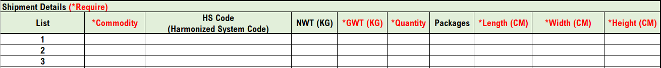 Optional Information: Harmonized System Code-HS Code, Net Weight of each item (NWT) and Package
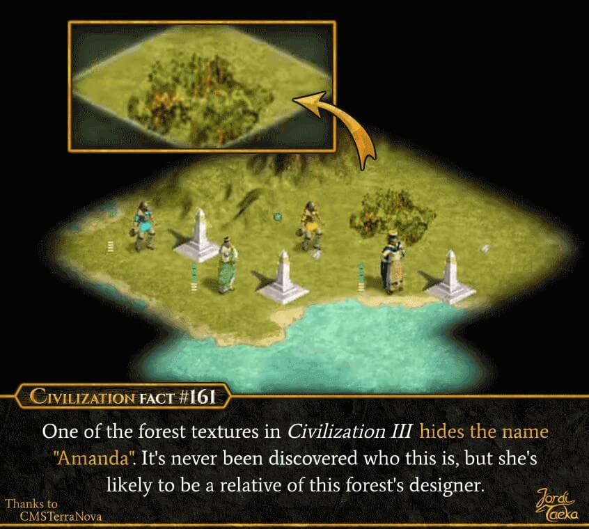 Фанат серии Civilization уже больше полугода делится редкими и малоизвестными фактами о 4X-франшизе. Один из последних постов оказался посвящён любопытной пасхалке в Civilization 3 — в одной из текстур леса спрятано имя "AMANDA", составленное из деревьев. Личность Аманды долгое время оставалась загадкой, но архивы фанатских форумов помогли раскрыть тайну.
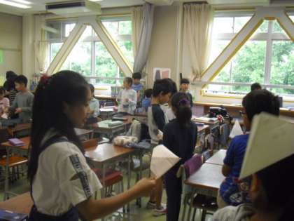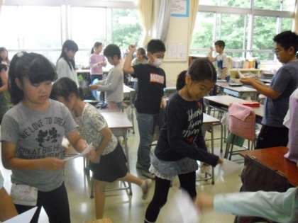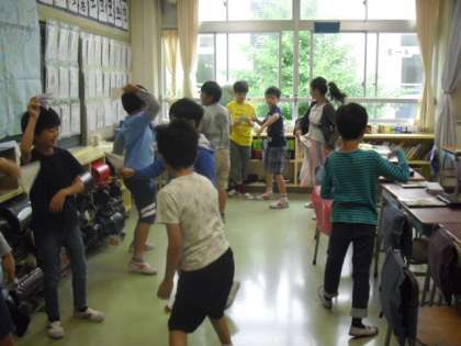 紙鉄砲の「パン、パ〜ン」という勢いのある音が出るように、子どもたちが頑張って活動していました〜

▶ [Task statement] The data should be printed again unchanged; leave its pictures out.

▶ [Expected output]
 Optional Information: Harmonized System Code-HS Code, Net Weight of each item (NWT) and Package
 Фанат серии Civilization уже больше полугода делится редкими и малоизвестными фактами о 4X-франшизе. Один из последних постов оказался посвящён любопытной пасхалке в Civilization 3 — в одной из текстур леса спрятано имя "AMANDA", составленное из деревьев. Личность Аманды долгое время оставалась загадкой, но архивы фанатских форумов помогли раскрыть тайну.
 紙鉄砲の「パン、パ〜ン」という勢いのある音が出るように、子どもたちが頑張って活動していました〜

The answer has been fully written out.